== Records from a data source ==
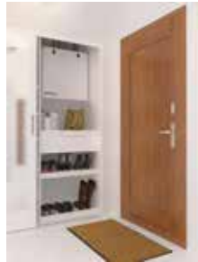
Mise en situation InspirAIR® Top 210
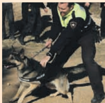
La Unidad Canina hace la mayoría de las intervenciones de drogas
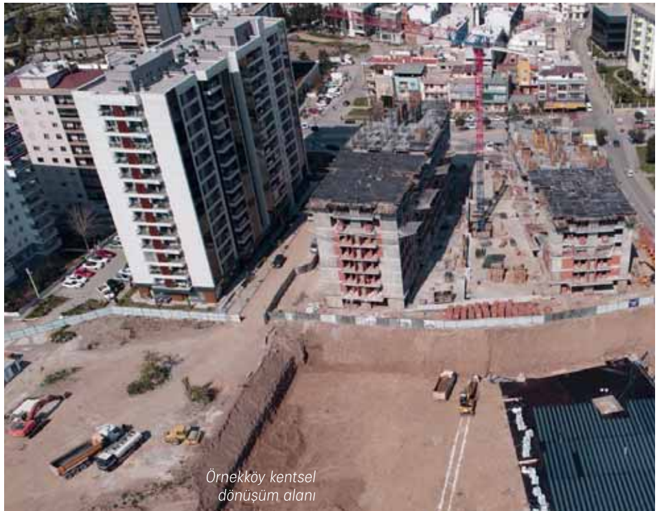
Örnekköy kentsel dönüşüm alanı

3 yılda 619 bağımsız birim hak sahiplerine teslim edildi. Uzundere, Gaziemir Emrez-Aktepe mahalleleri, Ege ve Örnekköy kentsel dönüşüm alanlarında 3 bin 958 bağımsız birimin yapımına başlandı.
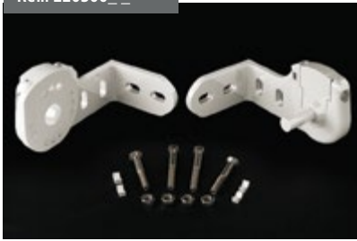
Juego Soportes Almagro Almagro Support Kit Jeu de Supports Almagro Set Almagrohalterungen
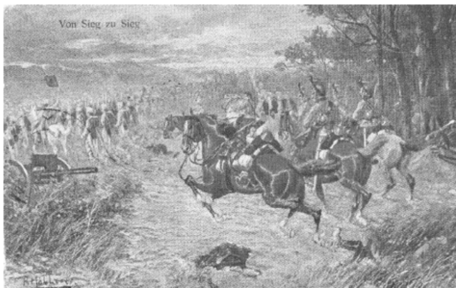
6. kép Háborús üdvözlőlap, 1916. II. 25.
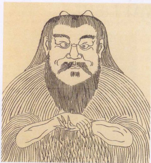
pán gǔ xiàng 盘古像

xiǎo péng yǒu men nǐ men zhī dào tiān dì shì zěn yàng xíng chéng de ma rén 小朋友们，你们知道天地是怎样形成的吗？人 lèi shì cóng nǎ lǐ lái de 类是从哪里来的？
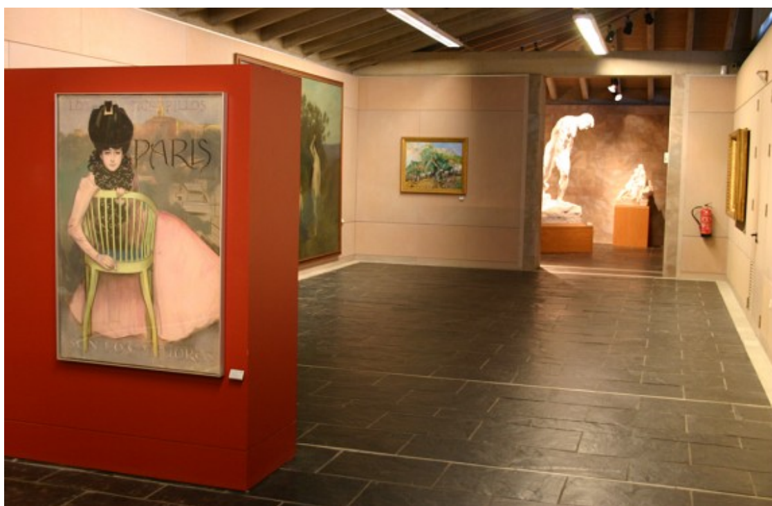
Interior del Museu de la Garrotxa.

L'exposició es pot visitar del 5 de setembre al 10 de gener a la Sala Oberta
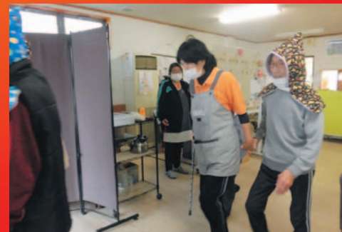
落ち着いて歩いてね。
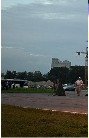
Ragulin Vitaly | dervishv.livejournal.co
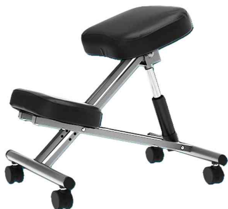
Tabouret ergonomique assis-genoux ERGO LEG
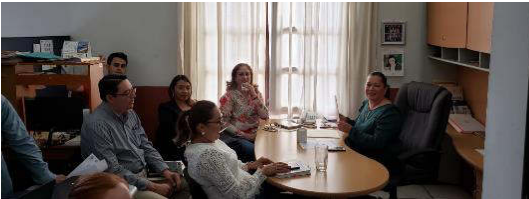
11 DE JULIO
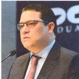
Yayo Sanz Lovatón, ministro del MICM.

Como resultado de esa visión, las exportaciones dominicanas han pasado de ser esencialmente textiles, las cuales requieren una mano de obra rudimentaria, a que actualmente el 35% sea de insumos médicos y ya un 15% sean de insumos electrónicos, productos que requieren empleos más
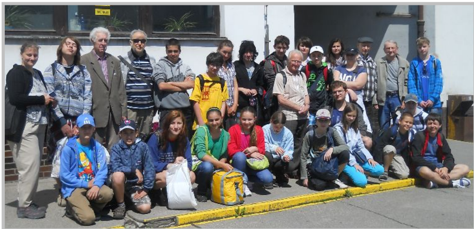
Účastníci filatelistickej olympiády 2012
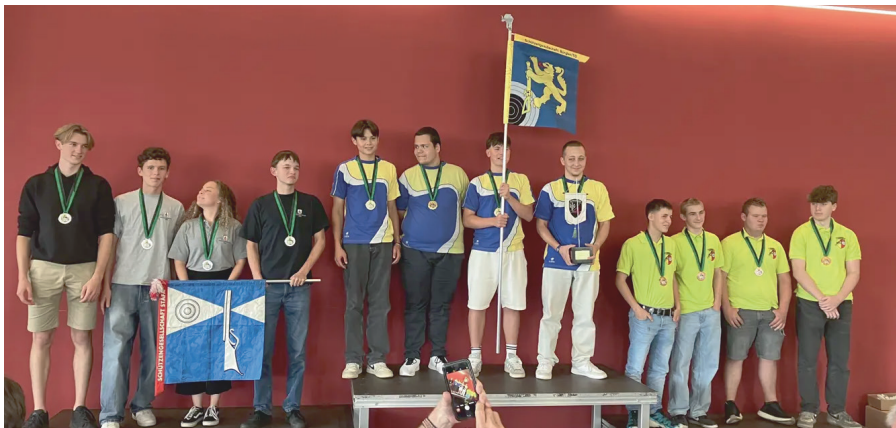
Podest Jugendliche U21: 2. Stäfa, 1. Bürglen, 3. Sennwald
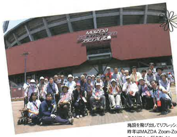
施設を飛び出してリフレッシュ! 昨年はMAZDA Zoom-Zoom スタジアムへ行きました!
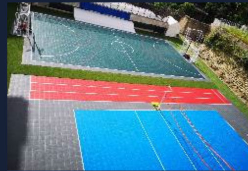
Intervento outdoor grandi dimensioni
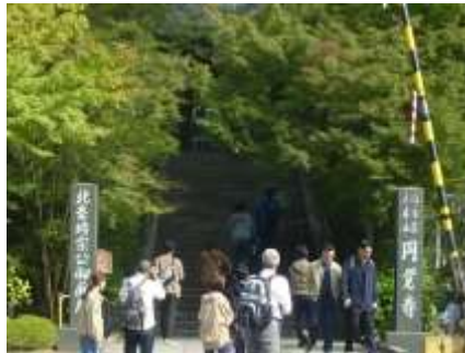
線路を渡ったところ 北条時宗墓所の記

== PROBLEM STATEMENT ==
Could you repeat all of the entries exactly, without the pictures?

== SOLUTION FOR THIS PROBLEM ==
Mise en situation InspirAIR® Top 210
La Unidad Canina hace la mayoría de las intervenciones de drogas
Örnekköy kentsel dönüşüm alanı

3 yılda 619 bağımsız birim hak sahiplerine teslim edildi. Uzundere, Gaziemir Emrez-Aktepe mahalleleri, Ege ve Örnekköy kentsel dönüşüm alanlarında 3 bin 958 bağımsız birimin yapımına başlandı.
Juego Soportes Almagro Almagro Support Kit Jeu de Supports Almagro Set Almagrohalterungen
6. kép Háborús üdvözlőlap, 1916. II. 25.
pán gǔ xiàng 盘古像

xiǎo péng yǒu men nǐ men zhī dào tiān dì shì zěn yàng xíng chéng de ma rén 小朋友们，你们知道天地是怎样形成的吗？人 lèi shì cóng nǎ lǐ lái de 类是从哪里来的？
Interior del Museu de la Garrotxa.

L'exposició es pot visitar del 5 de setembre al 10 de gener a la Sala Oberta
落ち着いて歩いてね。
Ragulin Vitaly | dervishv.livejournal.co
Tabouret ergonomique assis-genoux ERGO LEG
11 DE JULIO
Yayo Sanz Lovatón, ministro del MICM.

Como resultado de esa visión, las exportaciones dominicanas han pasado de ser esencialmente textiles, las cuales requieren una mano de obra rudimentaria, a que actualmente el 35% sea de insumos médicos y ya un 15% sean de insumos electrónicos, productos que requieren empleos más
Účastníci filatelistickej olympiády 2012
Podest Jugendliche U21: 2. Stäfa, 1. Bürglen, 3. Sennwald
施設を飛び出してリフレッシュ! 昨年はMAZDA Zoom-Zoom スタジアムへ行きました!
Intervento outdoor grandi dimensioni
線路を渡ったところ 北条時宗墓所の記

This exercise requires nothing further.